Watergate prosecutor: New indictments are 'first step toward impeachment'
“Donald Trump has not lived up to his constitutional duty to protect America.”
Special counsel Robert Mueller’s indictment of 13 Russians connected to the Trump campaign raises fresh questions about who in America, and potentially the campaign itself, gave the Kremlin inside help in disrupting the U.S. presidential election.
The indictments upend Trump’s attempts to smear the Russia investigation as a “witch-hunt.” And as former Watergate assistant special prosecutor Jill Wine-Banks told MSNBC’s Chris Hayes Monday night, they also point to a “dereliction of duty” on Trump’s part to protect the nation.

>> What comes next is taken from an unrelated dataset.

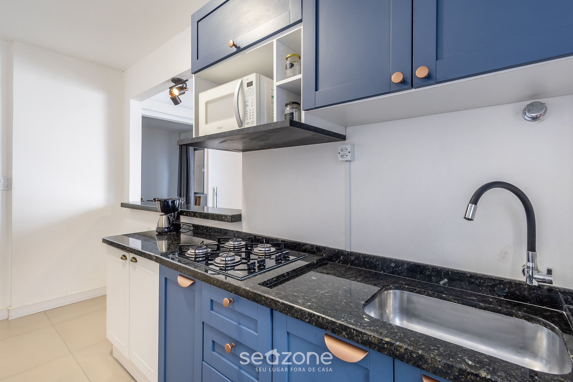 - Cocina completa con refrigerador, estufa de gas, microondas, sandwichera, cafetera eléctrica, hervidor eléctrico, licuadora, copas de vino, ollas, platos y utensilios;
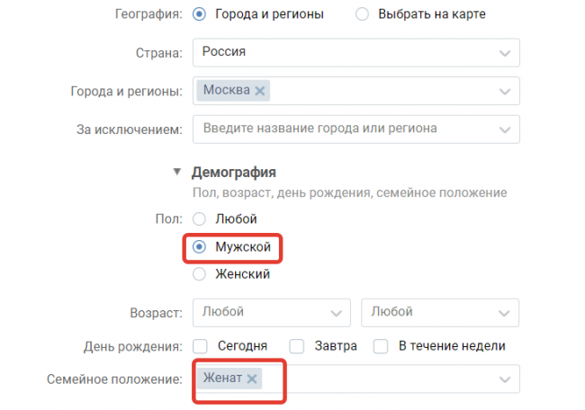 Или используем различные варианты статусов, например, во «ВКонтакте» можно выбирать пользователей с «Есть друг/подруга». А в Facebook — «В браке», «В отношениях» и т. д.

And that, she says, is “an impeachable offense.”
“Donald Trump has not lived up to his constitutional duty to protect America,” said Wine-Banks. “And we have a real threat to democracy with the interference in our elections. And we need some leadership here.”
“Donald Trump should be asking Congress to pass new legislation that will protect the 2018 election. And he has done absolutely nothing, he has been totally silent on this,” she continued. “In fact, if anything, he has, despite his recent statements that, well, it could have been Russia, he has many times said it’s not even Russia. And we need him to take some responsibility for this.”
Wine-Banks concluded, “I think that this is the first step toward an impeachment, because this is an impeachable offense.”
“The dereliction that you see here?” Hayes pressed her.
“It is a dereliction of duty, absolutely.”
Even though Trump has recently seemed to claim that he knew all along Russia interfered with the election, that is not what he said two years ago, or even three days ago.
Moreover, regardless of whether Trump was an active participant in Russia’s interference, the FBI warned him it was going on during the campaign, and he still publicly told the world it was all a fake story.
As president, Trump has done nothing about the threat. He even refused to implement the Russia sanctions passed almost unanimously by Congress last year.
Wine-Banks is not the only Watergate prosecutor appalled at Trump’s conduct. On CNN, Richard Ben-Veniste, another attorney in the investigation, compared Trump to “The Godfather.” And yet another Watergate prosecutor, Nick Ackerman, denounced Trump’s push against Mueller as “a completely evil strategy.”
If indeed Trump knowingly allowed a foreign power to attack the central institutions of our country, then Wine-Banks is right: The time to discuss impeachment is now.